Data Science Concept #1: Machine Learning
Machine Learning is a branch of Artificial Intelligence that works by programming a system to automatically perform a specific task. The system then self-learns from data, performs pattern recognition and make decisions, with little to no human intervention.
With relation to Data Science, it is use to build predictive models. As a system is exposed to new data, the machine learning algorithm is able to independently process and adapt it to predict outcomes more accurately. In addition, these predictions are not only based on new data, but also all the previous computations that were run. Machine Learning is the crux of managing and working with Big Data.
Data Science Concept #2: Algorithms
Algorithms are a specific set of rules or processes used in a calculation to solve problems or perform a task. The simplest algorithm for example, is a recipe – a set of rules to follow to get a specific outcome.
In Data Science, many data models and data analysis are accomplished with the use of algorithms. These can either be automated to self-learn, as in the case of Machine Learning, or simple Macros applied to excel sheets in oder to generate results based on the data provided.
Data Science Concept #3: Statistical Models
Statistical Models are mathematical models that specify relationships between random and non-random variables. It is the process of analysing datasets by mathematically representing observed data in order to make inferences from the samples provided. This Data Science Concept is a crux of this field. Models can be used to extract information or predict probable outcomes, based on available data.
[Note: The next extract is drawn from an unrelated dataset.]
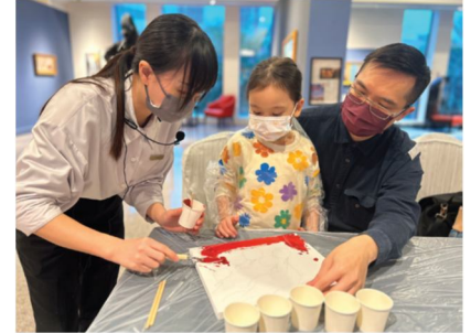
Free art workshops for parent and children

Statistical models can be considered as statistical assumptions, allowing Data Scientists to calculate the probability of an event occurring. A simple example of one such model is predicting the probable outcome of a dice roll.
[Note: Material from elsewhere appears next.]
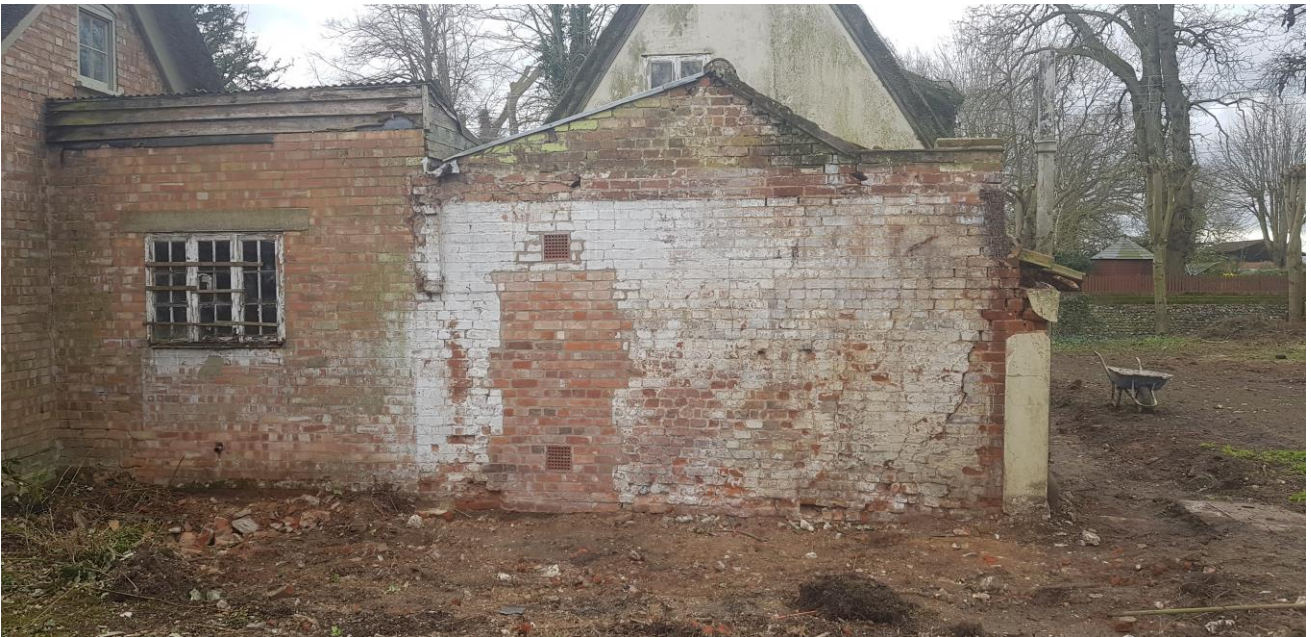
Overall Extent of 20 th C. Extension to Cottage

Data Science Concept #4: Regression Analysis
Regression analysis is a statistical process that estimates relationships between a dependent variable and independent variables, to provide a real number value representing a quantity on a line. For example, temperature, sales turnover etc.
It is used in Data Science for statistical modelling, to find trends in the data to predict or forecast specific behaviours. For example, forecasting monthly sales trend for the year based on past and current data. Regression analysis substantially overlaps with the Machine Learning field.
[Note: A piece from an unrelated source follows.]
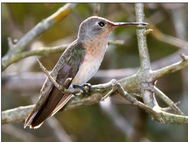
Buffy Hummingbird by Adam Riley

After lunch we worked hard but eventually teased out the local Black-backed Antshrike. Heading down to the coast we stopped and enjoyed great looks at about 10 of the endemic Chestnut-winged Chachalacas. As we headed west an impressive thunderstorm developed and we made a few stops to view waders and waterbirds from the bus en route to Barranquilla.

Data Science Concept #5: Programming
Computer Programming languages are used to develop and build the models used in Data analysis. In addition to the this, programming can also be used to clean data, organise data and help visualise data in understandable formats for stakeholders.
Commonly used programming languages in Data Science are Python, R for Statistics as well as SQL to help with database management and creation.
Business Analytics however, or individuals who specialise only in data interpretation and analysis do not often study these languages.